Reka Cserny's appetite for basketball extends to the summer

By Alex M. Sherman, Crimson Staff Writer

While the rest of women’s basketball team was together touring France this summer, Reka Cserny was conspicuously absent.

Injured? No. Suspended? Hardly.

Cserny was playing with the Hungarian National Team. It was her sixth year playing with a national squad but her first on the women’s senior team in the European Championship. Previously, Cserny had played for teams based on her age group (under-20, under-18, etc.), but this summer’s team was the real thing.

“There were a lot of WNBA players in the league as well as some of the top players from club teams in Europe,” said the junior center from Budapest, who averaged 14.7 points and six rebounds per game last season. “They are taller, stronger and faster than an average Ivy League player.”

Cserny was invited to play by the head coach of the Hungarian team, which finished 10th overall in the summer tournament.

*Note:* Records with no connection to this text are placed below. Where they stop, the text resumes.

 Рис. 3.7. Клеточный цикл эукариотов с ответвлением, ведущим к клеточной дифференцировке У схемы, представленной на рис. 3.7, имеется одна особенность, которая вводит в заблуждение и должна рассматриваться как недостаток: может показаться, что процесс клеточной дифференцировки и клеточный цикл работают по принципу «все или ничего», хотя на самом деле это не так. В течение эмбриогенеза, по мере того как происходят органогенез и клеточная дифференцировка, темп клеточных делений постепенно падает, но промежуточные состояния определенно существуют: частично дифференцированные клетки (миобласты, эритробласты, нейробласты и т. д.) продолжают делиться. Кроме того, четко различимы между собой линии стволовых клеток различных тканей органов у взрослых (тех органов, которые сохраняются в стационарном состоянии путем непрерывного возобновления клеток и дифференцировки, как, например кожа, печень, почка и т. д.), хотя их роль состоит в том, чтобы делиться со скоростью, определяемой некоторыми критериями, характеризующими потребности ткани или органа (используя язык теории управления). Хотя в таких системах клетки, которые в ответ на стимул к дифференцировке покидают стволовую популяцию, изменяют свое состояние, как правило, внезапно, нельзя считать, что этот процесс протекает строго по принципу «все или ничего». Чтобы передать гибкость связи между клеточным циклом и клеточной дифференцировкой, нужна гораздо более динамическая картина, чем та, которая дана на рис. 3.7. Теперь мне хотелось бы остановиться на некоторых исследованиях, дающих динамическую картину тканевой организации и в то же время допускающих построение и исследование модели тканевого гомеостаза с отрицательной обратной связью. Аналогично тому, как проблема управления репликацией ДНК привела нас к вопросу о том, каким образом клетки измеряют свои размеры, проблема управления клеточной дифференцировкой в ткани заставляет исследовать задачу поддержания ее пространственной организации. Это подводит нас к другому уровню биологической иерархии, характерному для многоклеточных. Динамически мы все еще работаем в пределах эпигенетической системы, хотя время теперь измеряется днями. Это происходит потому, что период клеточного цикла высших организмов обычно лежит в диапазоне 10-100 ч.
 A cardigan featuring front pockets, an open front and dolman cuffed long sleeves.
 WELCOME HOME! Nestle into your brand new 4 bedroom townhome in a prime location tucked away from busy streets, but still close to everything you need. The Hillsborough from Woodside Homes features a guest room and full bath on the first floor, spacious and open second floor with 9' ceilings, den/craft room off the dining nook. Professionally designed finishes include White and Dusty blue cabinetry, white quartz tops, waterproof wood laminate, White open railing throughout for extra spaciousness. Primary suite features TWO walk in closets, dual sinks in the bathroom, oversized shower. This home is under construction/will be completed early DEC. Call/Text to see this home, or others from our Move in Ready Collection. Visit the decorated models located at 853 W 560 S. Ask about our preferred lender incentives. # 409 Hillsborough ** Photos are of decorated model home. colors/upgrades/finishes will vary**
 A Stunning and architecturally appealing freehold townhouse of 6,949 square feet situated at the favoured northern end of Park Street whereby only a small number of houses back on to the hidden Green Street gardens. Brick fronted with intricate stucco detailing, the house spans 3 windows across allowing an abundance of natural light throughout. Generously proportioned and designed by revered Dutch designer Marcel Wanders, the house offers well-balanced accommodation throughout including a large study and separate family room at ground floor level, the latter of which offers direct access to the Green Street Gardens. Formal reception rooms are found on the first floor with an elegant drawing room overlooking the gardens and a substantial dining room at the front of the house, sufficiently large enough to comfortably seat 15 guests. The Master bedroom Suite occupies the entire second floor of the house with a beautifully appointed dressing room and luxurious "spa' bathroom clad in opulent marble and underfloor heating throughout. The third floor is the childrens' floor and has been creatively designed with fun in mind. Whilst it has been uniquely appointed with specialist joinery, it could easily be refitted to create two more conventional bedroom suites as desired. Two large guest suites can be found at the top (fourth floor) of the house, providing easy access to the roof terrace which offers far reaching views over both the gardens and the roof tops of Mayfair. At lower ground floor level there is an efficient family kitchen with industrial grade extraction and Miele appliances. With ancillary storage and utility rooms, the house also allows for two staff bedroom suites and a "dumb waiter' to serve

She played a total of 18 games in August and September, practicing twice a day in early August and then playing tournament games in Hungary, Greece and France.

While Cserny matched up against professional players such as 6’5 Elana Baranova from Russia and 7’2 Margo Dydek of Poland, she still prefers the collegiate level.

“They don’t enjoy playing as much as we do in the Ivy League,” Cserny said. “I missed the atmosphere a lot.”

However, Cserny enjoyed her summer tour and is considering either returning to Hungary or moving to Europe when she graduates in 2005. She admits it’s too early to make a decision on her future, but Cserny says she’ll probably return home after school.

“I like living in the U.S. but I think I’ll go back to Hungary or somewhere else in Europe,” she said. “I still have almost two years to decide, so for now I want to focus on what I’m doing today.”

Cserny may have a future playing professional basketball down the road. Like co-captain Hana Peljto and Allison Feaster ’98 before her, Cserny won the Ivy League’s Rookie of the Year award after her freshman season and followed it up with All-Ivy First Team honors. Yet, Cserny is not sure she wants to dedicate her entire life to basketball.

“I can’t imagine my life without basketball, but I would also like to do something else while playing, which would be very difficult if I pursued a professional career,” she said.

The present goal, however, is winning the Ivy League. Not only was Cserny able to improve against top competition in Europe this summer, but her teammates gained valuable experience playing without their star center in the lineup when Harvard was touring France and Switzerland.

If Cserny stays healthy, she has a great chance to win her third Ivy League Championship in three years, a feat few Harvard athletes in any sport have ever achieved—and probably fewer Hungarians.